Work task — Retype the opening lines of the data exactly, stopping after the line that contains "3Dハイビジョン映像を裸眼3". Skip every picture.

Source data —
=======

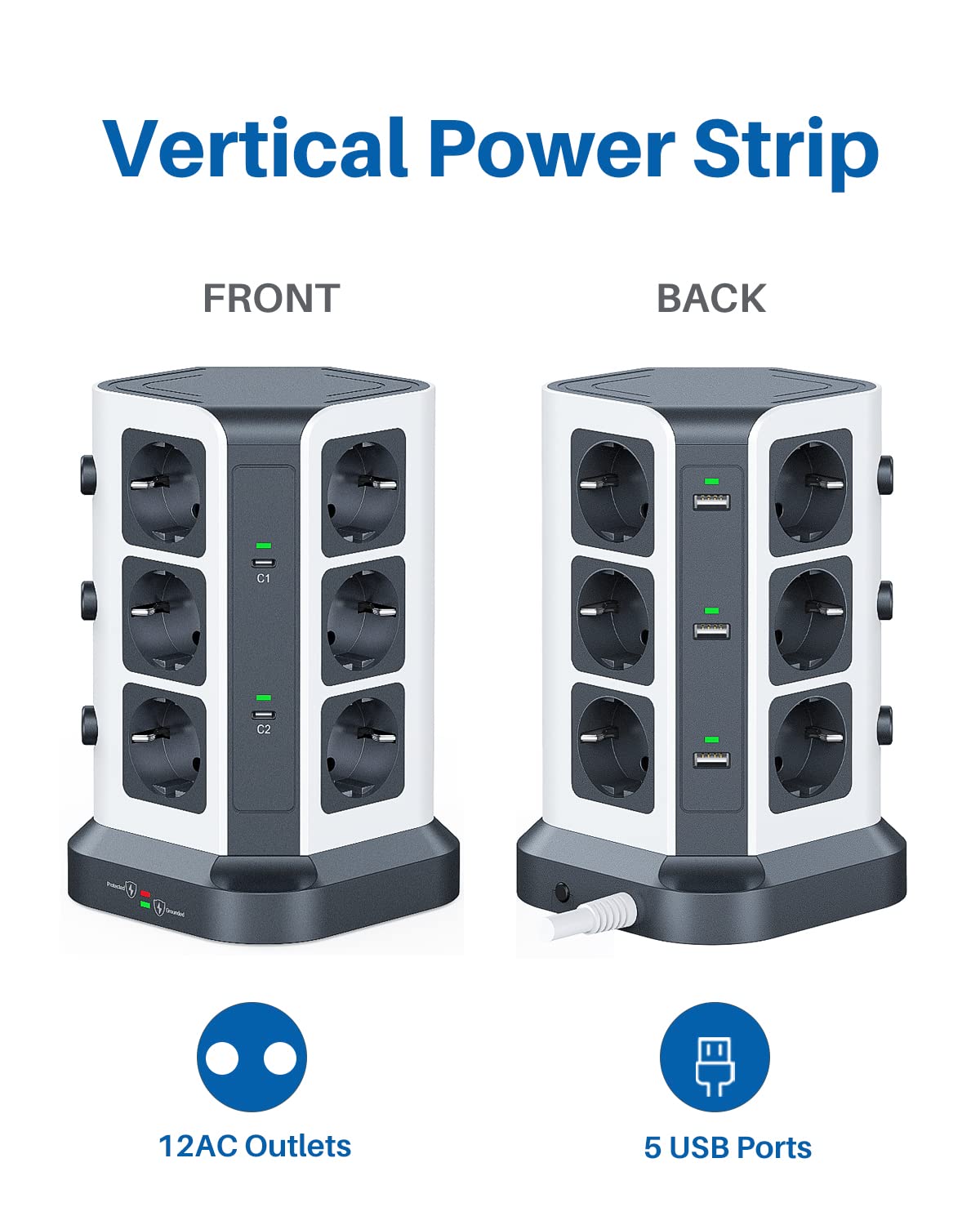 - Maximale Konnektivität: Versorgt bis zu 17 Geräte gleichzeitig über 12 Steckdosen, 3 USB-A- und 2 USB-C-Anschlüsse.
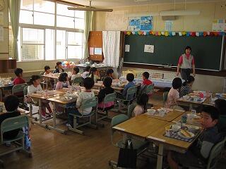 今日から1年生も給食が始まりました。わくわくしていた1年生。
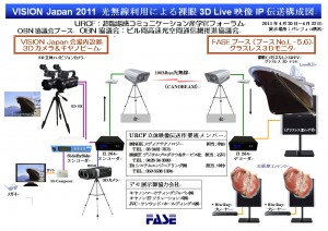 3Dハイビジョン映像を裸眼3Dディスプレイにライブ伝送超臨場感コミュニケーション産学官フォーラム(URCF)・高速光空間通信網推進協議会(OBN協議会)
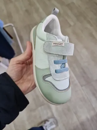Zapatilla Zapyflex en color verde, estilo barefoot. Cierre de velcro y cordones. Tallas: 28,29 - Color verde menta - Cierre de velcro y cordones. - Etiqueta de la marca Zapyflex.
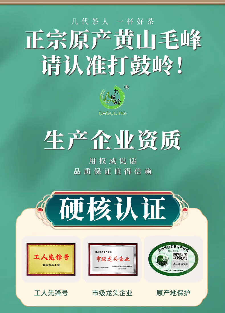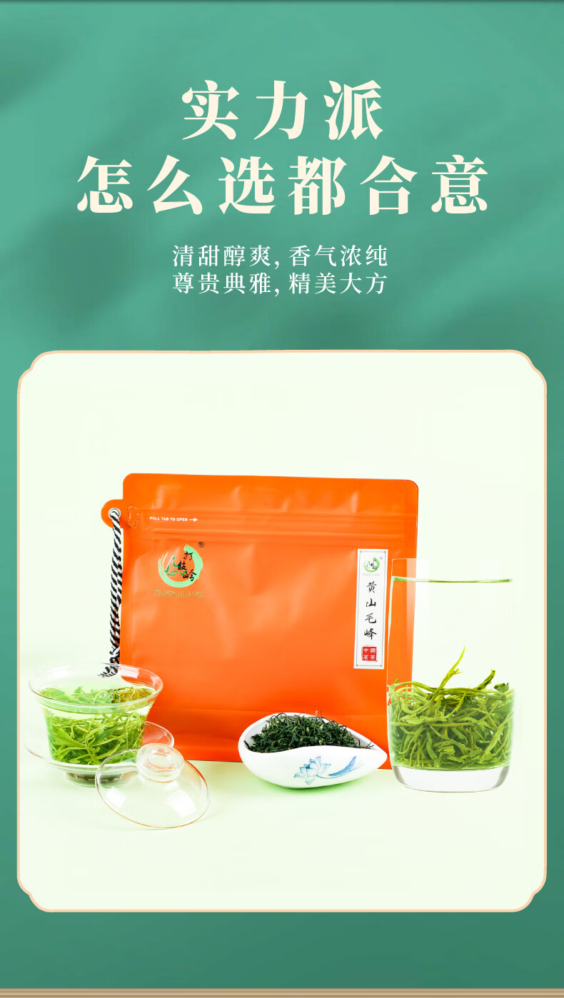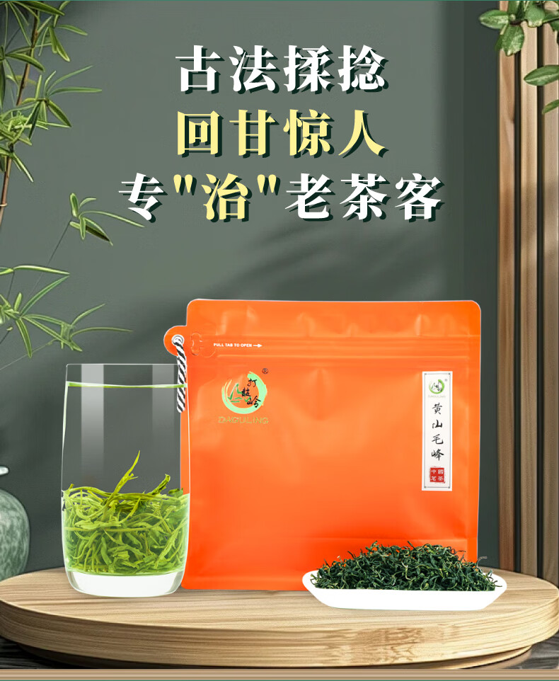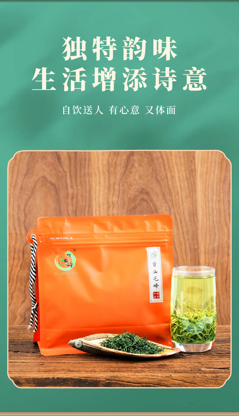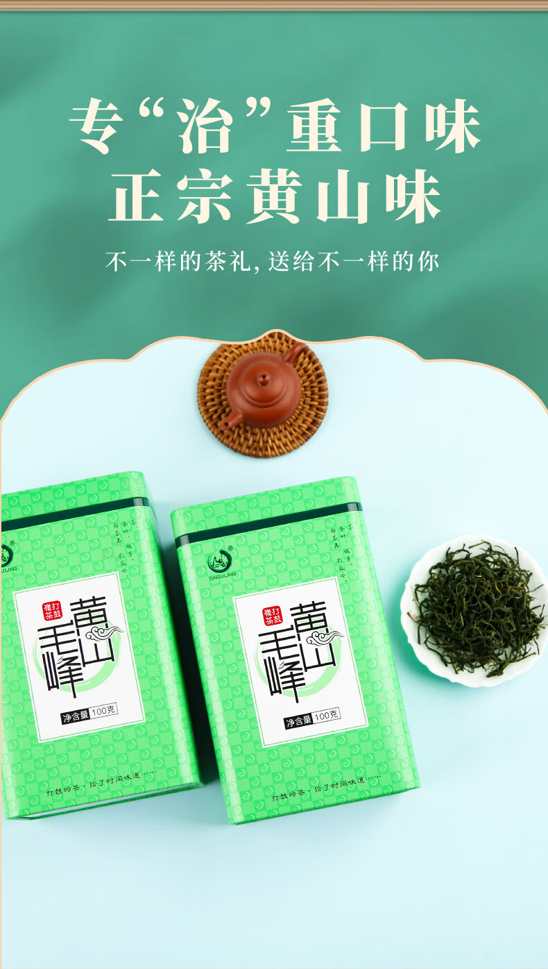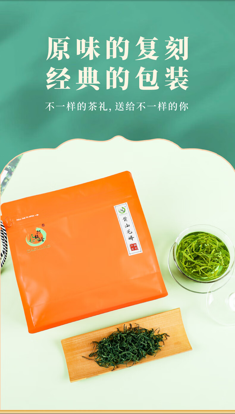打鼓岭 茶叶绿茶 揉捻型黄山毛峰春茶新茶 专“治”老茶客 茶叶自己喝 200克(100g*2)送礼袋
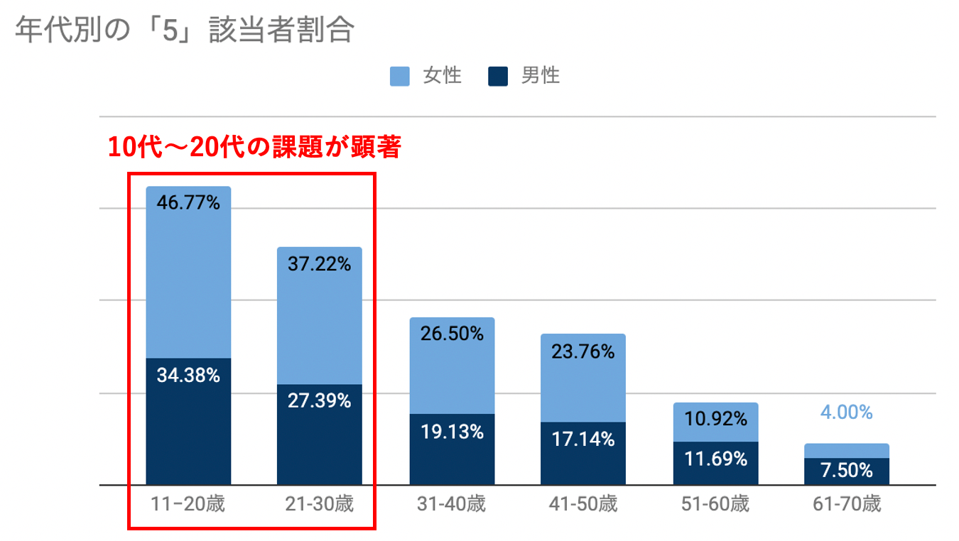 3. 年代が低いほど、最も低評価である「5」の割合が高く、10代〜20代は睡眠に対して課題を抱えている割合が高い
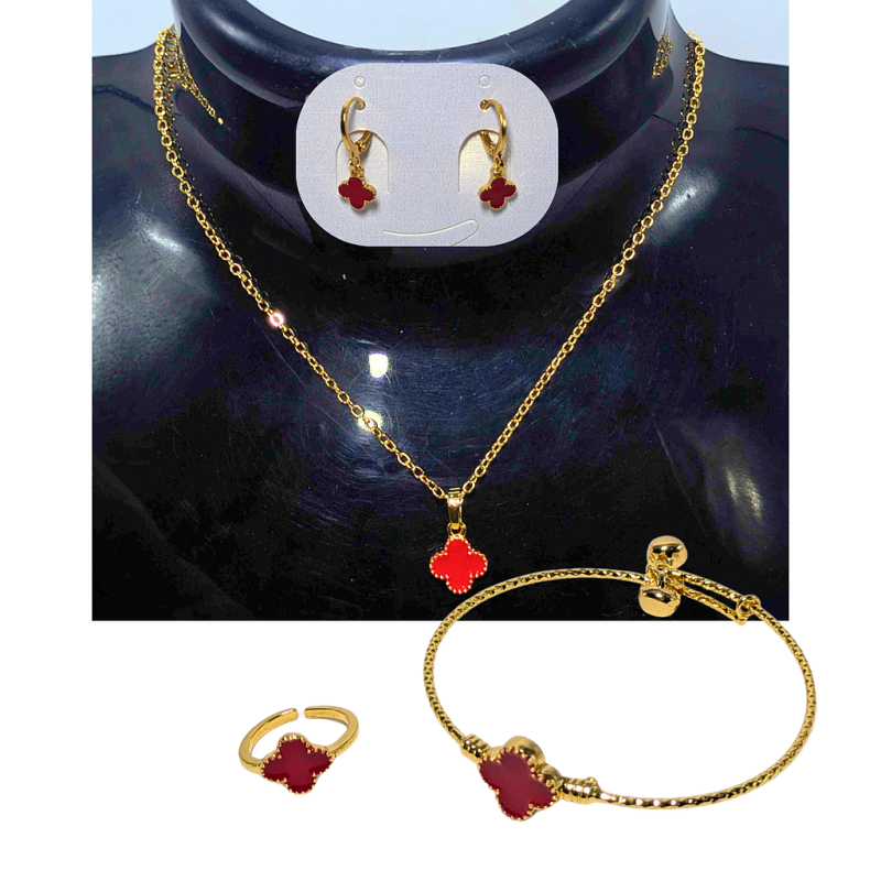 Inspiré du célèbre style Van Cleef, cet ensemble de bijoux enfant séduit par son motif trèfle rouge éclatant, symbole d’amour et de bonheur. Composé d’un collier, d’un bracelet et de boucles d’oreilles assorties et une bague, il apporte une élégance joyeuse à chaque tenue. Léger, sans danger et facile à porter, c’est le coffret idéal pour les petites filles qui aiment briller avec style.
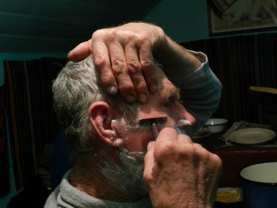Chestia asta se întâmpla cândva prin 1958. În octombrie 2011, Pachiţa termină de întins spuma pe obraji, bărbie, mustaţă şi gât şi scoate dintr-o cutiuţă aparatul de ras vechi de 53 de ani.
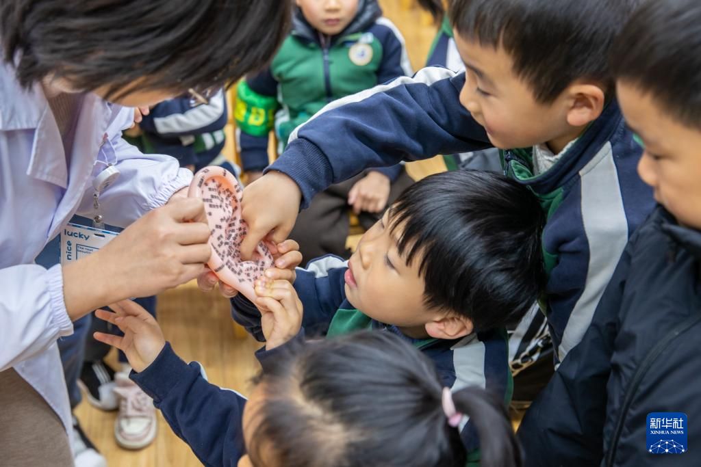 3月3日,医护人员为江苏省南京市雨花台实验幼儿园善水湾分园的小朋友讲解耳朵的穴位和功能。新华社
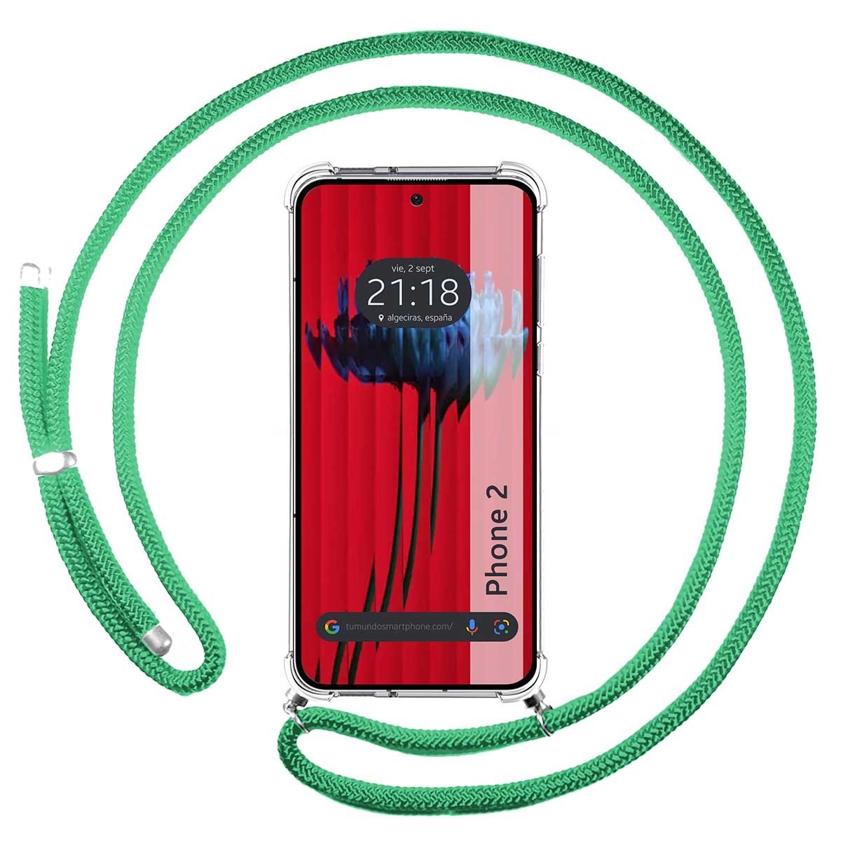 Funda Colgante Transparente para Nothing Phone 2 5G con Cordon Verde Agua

=======

Exercise response —
 - Maximale Konnektivität: Versorgt bis zu 17 Geräte gleichzeitig über 12 Steckdosen, 3 USB-A- und 2 USB-C-Anschlüsse.
 今日から1年生も給食が始まりました。わくわくしていた1年生。
 3Dハイビジョン映像を裸眼3Dディスプレイにライブ伝送超臨場感コミュニケーション産学官フォーラム(URCF)・高速光空間通信網推進協議会(OBN協議会)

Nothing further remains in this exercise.